8. Common Pitfalls & Misconceptions

  • Pitfall: "We don't collect race, so we can't be biased."

    • Correction: Fairness through Unawareness fails because proxies exist (Zip Code correlates with Race). You must collect (or infer) sensitive attributes strictly for auditing to detect bias.
  • Pitfall: Optimizing for Demographic Parity in Fraud Models.

    • Correction: If one group actually commits more fraud (e.g., bots from a specific IP range), forcing demographic parity will break the model. Use Equalized Odds (FPR parity) instead.
  • Pitfall: Ignoring the "Base Rate Fallacy."

    • Correction: Always check if the prevalence of the positive class differs between groups before selecting a metric.

9. Prerequisites & Next Steps

Prerequisites:

  • A classification model.
  • A test set with "Ground Truth" labels and "Sensitive Attributes" (Group IDs).

Next Steps:

  1. Mitigate: If the audit fails, use fairlearn.reductions.ExponentiatedGradient to retrain the model with a fairness constraint.
  2. Visualize: Plot the Fairness Dashboard to show stakeholders the trade-off curve between Accuracy and Disparity.

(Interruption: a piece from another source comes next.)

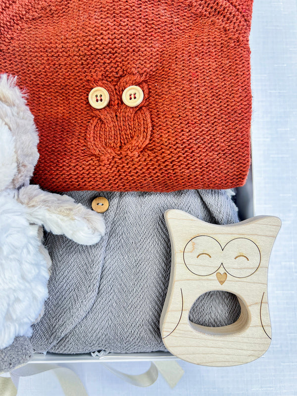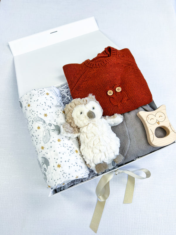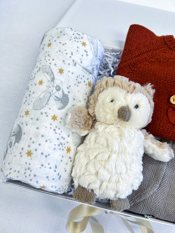 This gift set is perfect for the Harry Potter fan in your life! It features a beautiful muslin swaddle adorned with our favorite mail delivery owl, Hedwig, as he flies through the sky carrying important Hogwarts correspondence. This gift also includes some owl theme items, including an owl shaped teething toy, a plushie friend, and a cozy knit sweater and pants set.

Auditing tells you where the bias lives. The next step is to surgically remove it without breaking the model. Day 55: Bias Mitigation: Re-weighting & Constraints implements the treatment plan—using sample re-weighting to mathematically counter-balance the training distribution while preserving inference performance.

10. Further Reading & Resources

  • Tool: Fairlearn and IBM AIF360.
  • Paper: "Equality of Opportunity in Supervised Learning" (Hardt et al., 2016).
  • Regulation: US EEOC "Uniform Guidelines on Employee Selection Procedures" (Source of the 4/5ths rule).
  • Concept: A decision tree helping engineers choose between Demographic Parity, Equal Opportunity, and Calibration based on the use case.